Dataset items

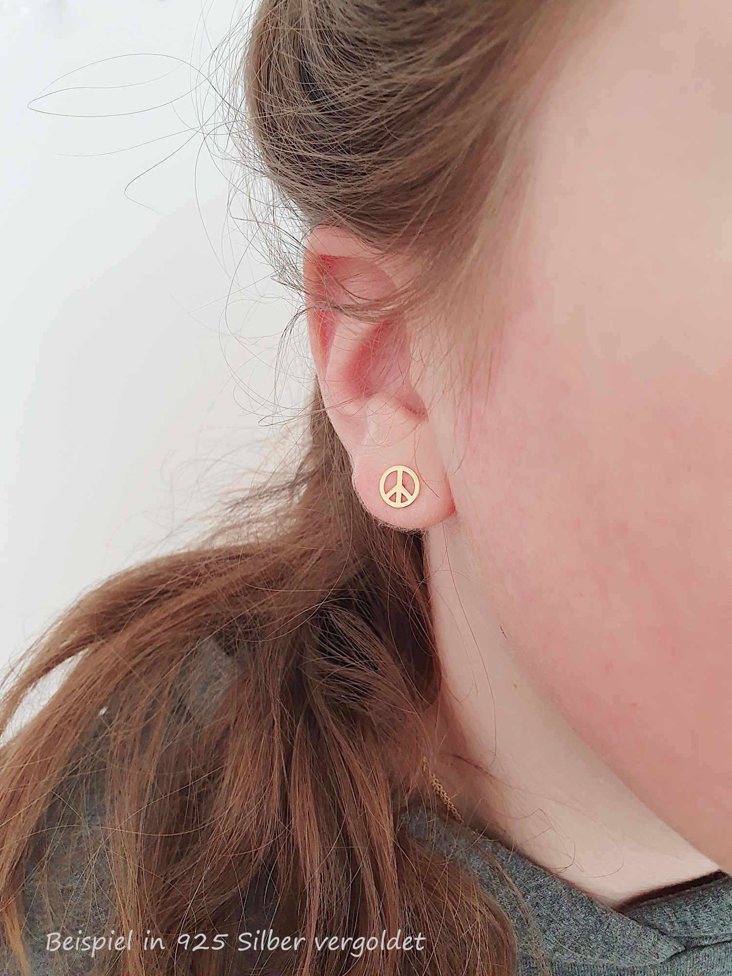 Ohrstecker Friedenszeichen Peace 925 Silber rosevergoldet | Hippie Ohrringe
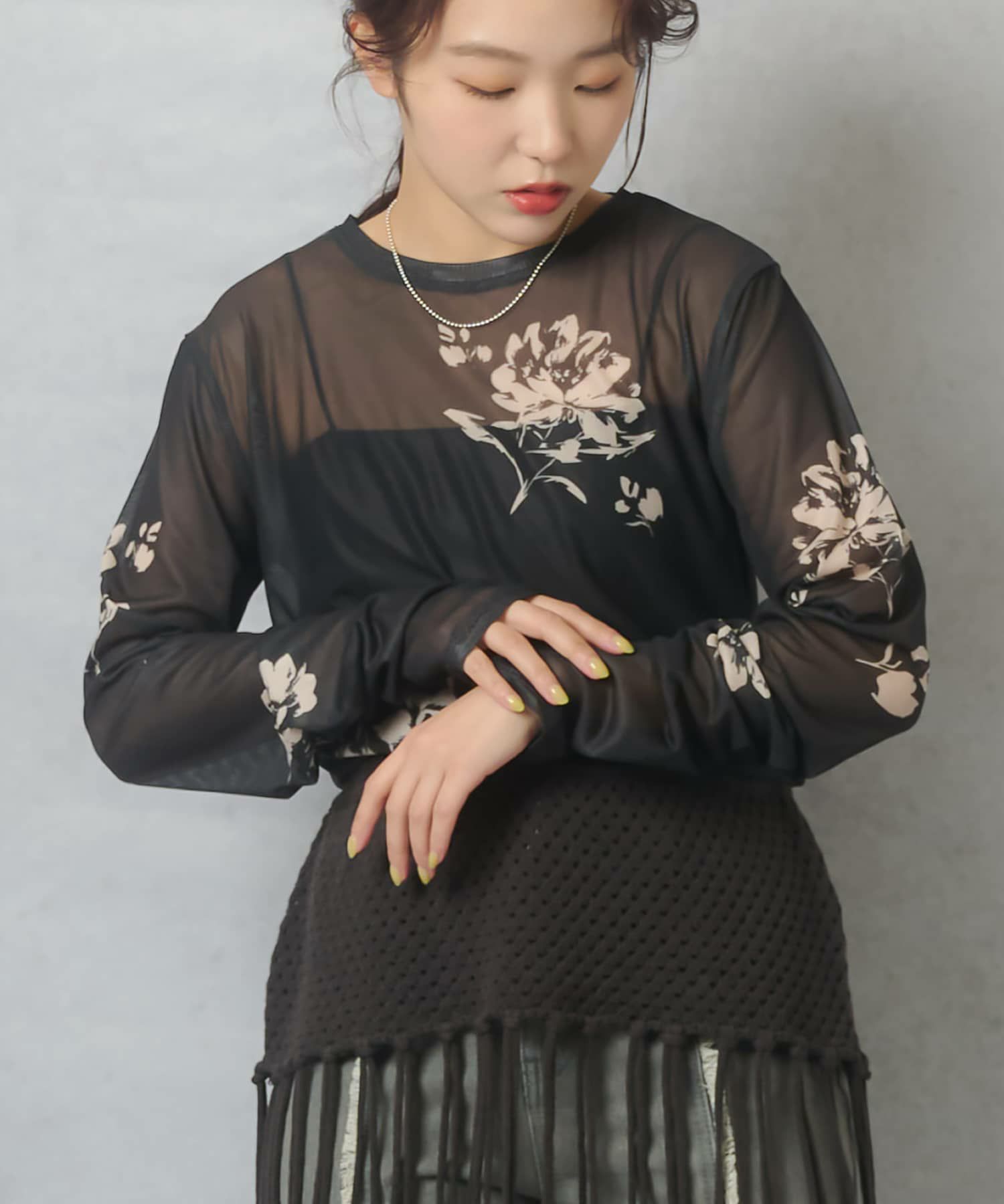 【繊細なデザインとトレンド感を兼ね備えたシアートップス】
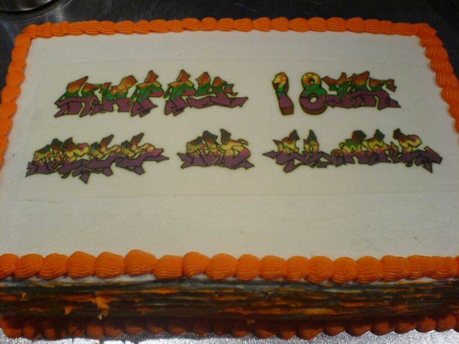 This was for my friends girlfriends 18th. I had so much fun making this cake. I designed the graffiti myself, and had it printed on edible paper. It's the first sheet cake I've done. and I'm thrilled with how it turned out!
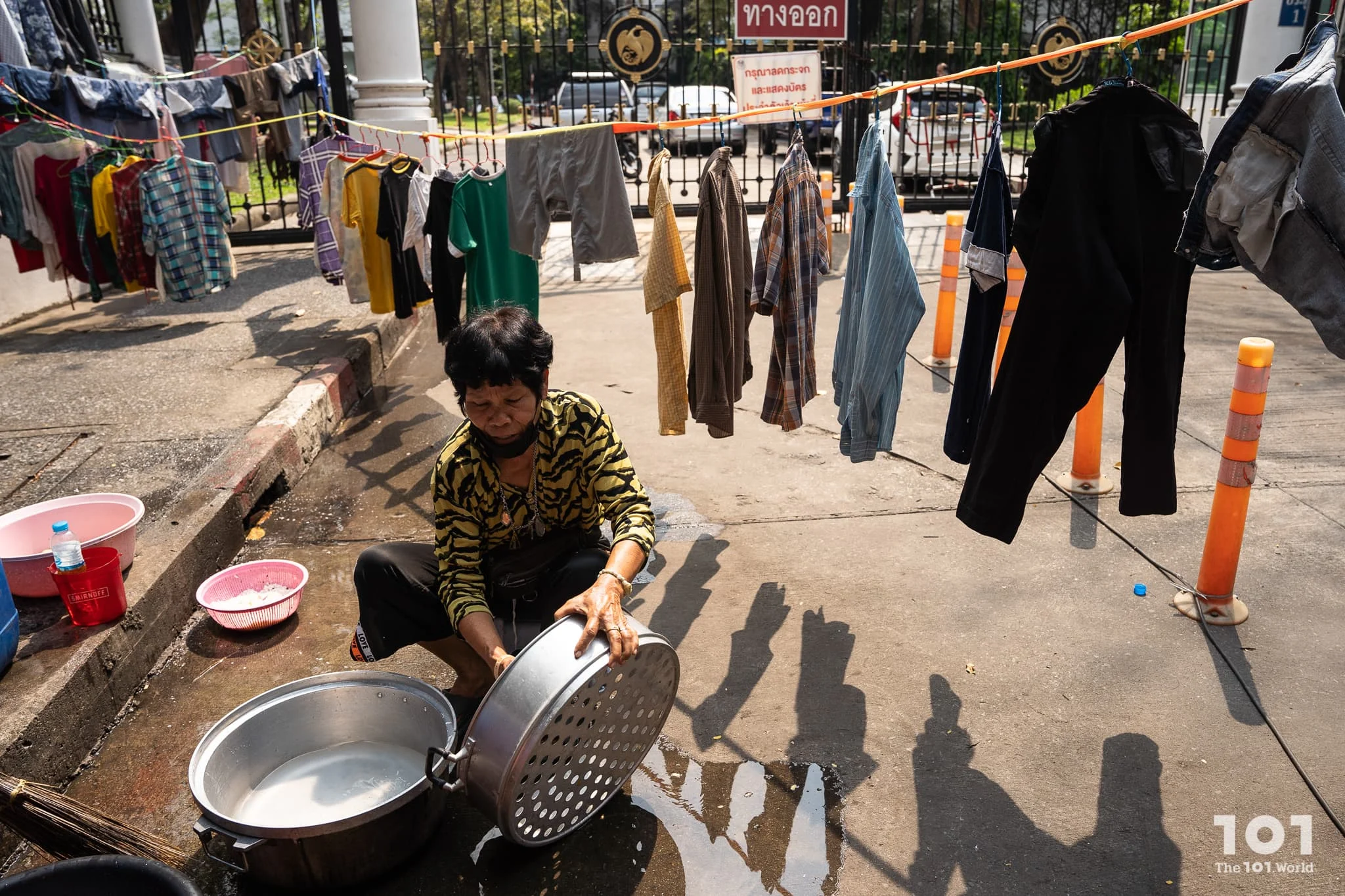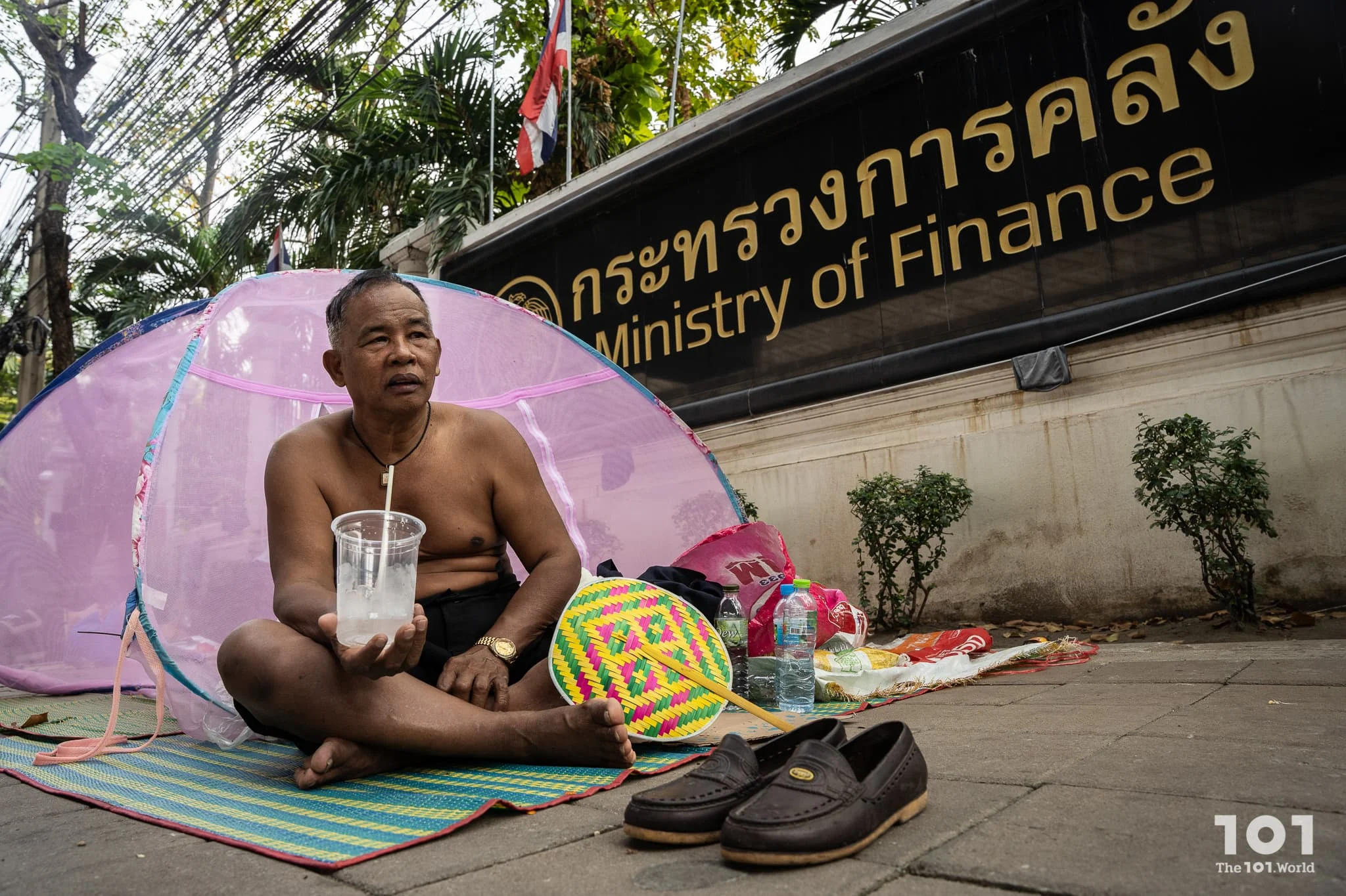 “คนเรานี่นะ ถ้าไม่ถึงที่จริงๆ คงไม่ลำบากลำบนห่างบ้านมากันแบบนี้หรอก” พนม อันโอ่น ชาวนาวัย 58 ปีบอกเราเช่นนั้น เธอกับเพื่อนร่วมอาชีพอีกกลุ่มใหญ่จ่ายเงินค่าเดินทางตกคนละ 400 บาทจากพิษณุโลกเพื่อมากางเต็นต์คับแคบนอนอยู่หน้ากระทรวงการคลัง หวังให้รัฐบาลได้เห็นและได้ยินสิ่งที่พวกเธอต้องเผชิญบ้าง
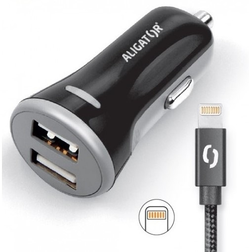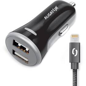 Adaptér do auta Aligator 2xUSB, smart IC, 3,4A + Lightning kabel (CHS0007) černý
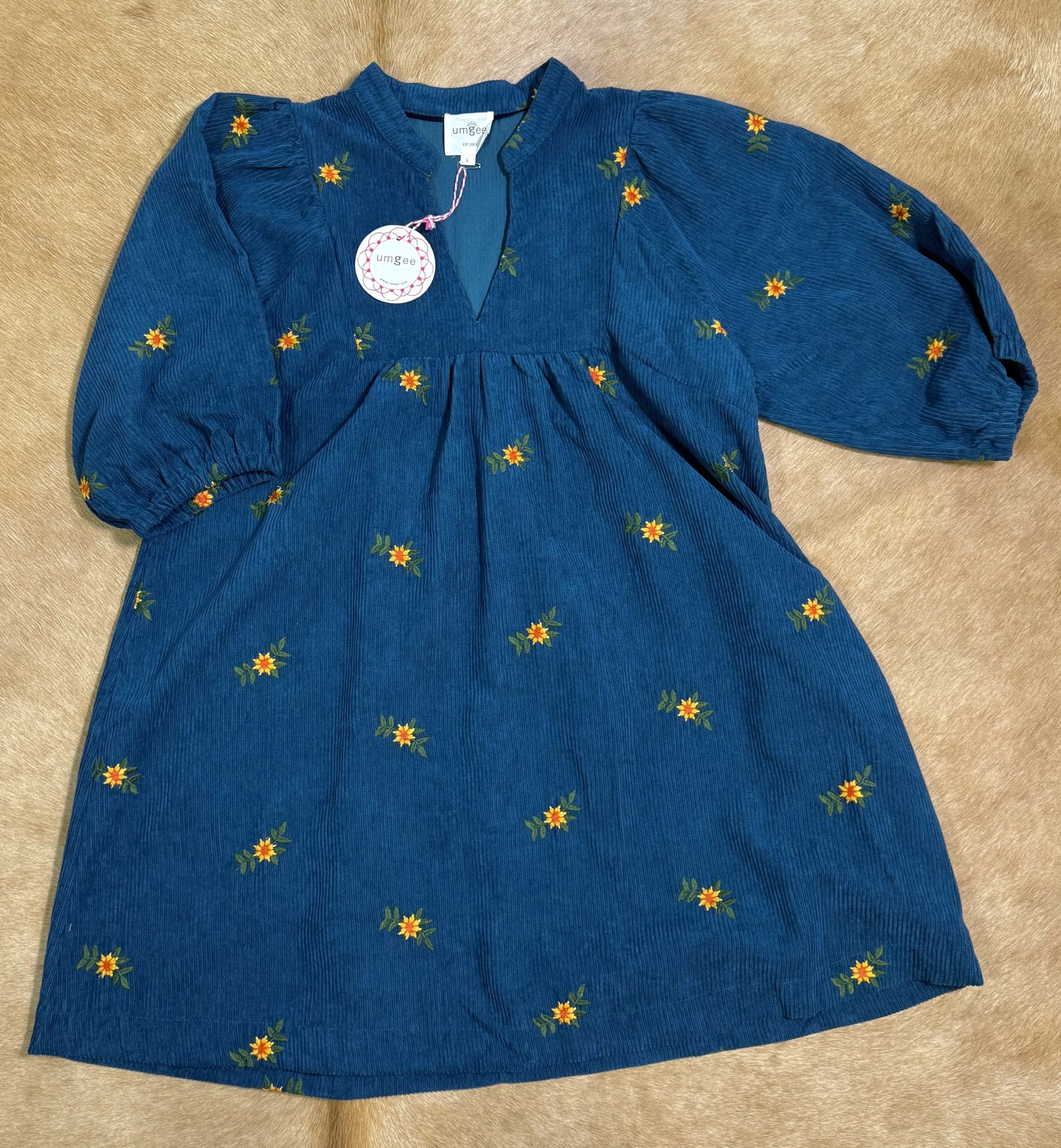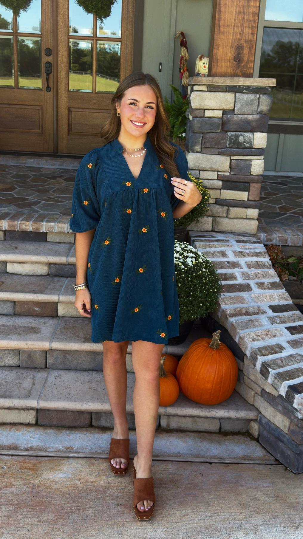 Wear a ray of sunshine with our Sunshine & Corduroy Dress. Made from soft teal-blue corduroy, this delightful dress showcases cheerful golden-yellow embroidered florals that brighten your day. Its relaxed A-line shape, ¾ puff sleeves with elastic cuffs, and a split neckline perfectly blend playful charm with polished style. Ideal for farmer’s market adventures, brunch dates, or cozy fall get-togethers, it brings effortless joy wherever you go. Dress it up with boots for a rustic flair or keep it casual with sneakers. A sunny wardrobe essential that lifts your spirits every time you wear it.

▶ TASK DIRECTIONS
Once the line with "พนม อันโอ่น ชาวนาวัย" is found in the data above, reproduce it and each line after it exactly, through the line with "Adaptér do auta". Omit the pictures.

▶ TASK RESPONSE
 “คนเรานี่นะ ถ้าไม่ถึงที่จริงๆ คงไม่ลำบากลำบนห่างบ้านมากันแบบนี้หรอก” พนม อันโอ่น ชาวนาวัย 58 ปีบอกเราเช่นนั้น เธอกับเพื่อนร่วมอาชีพอีกกลุ่มใหญ่จ่ายเงินค่าเดินทางตกคนละ 400 บาทจากพิษณุโลกเพื่อมากางเต็นต์คับแคบนอนอยู่หน้ากระทรวงการคลัง หวังให้รัฐบาลได้เห็นและได้ยินสิ่งที่พวกเธอต้องเผชิญบ้าง
 Adaptér do auta Aligator 2xUSB, smart IC, 3,4A + Lightning kabel (CHS0007) černý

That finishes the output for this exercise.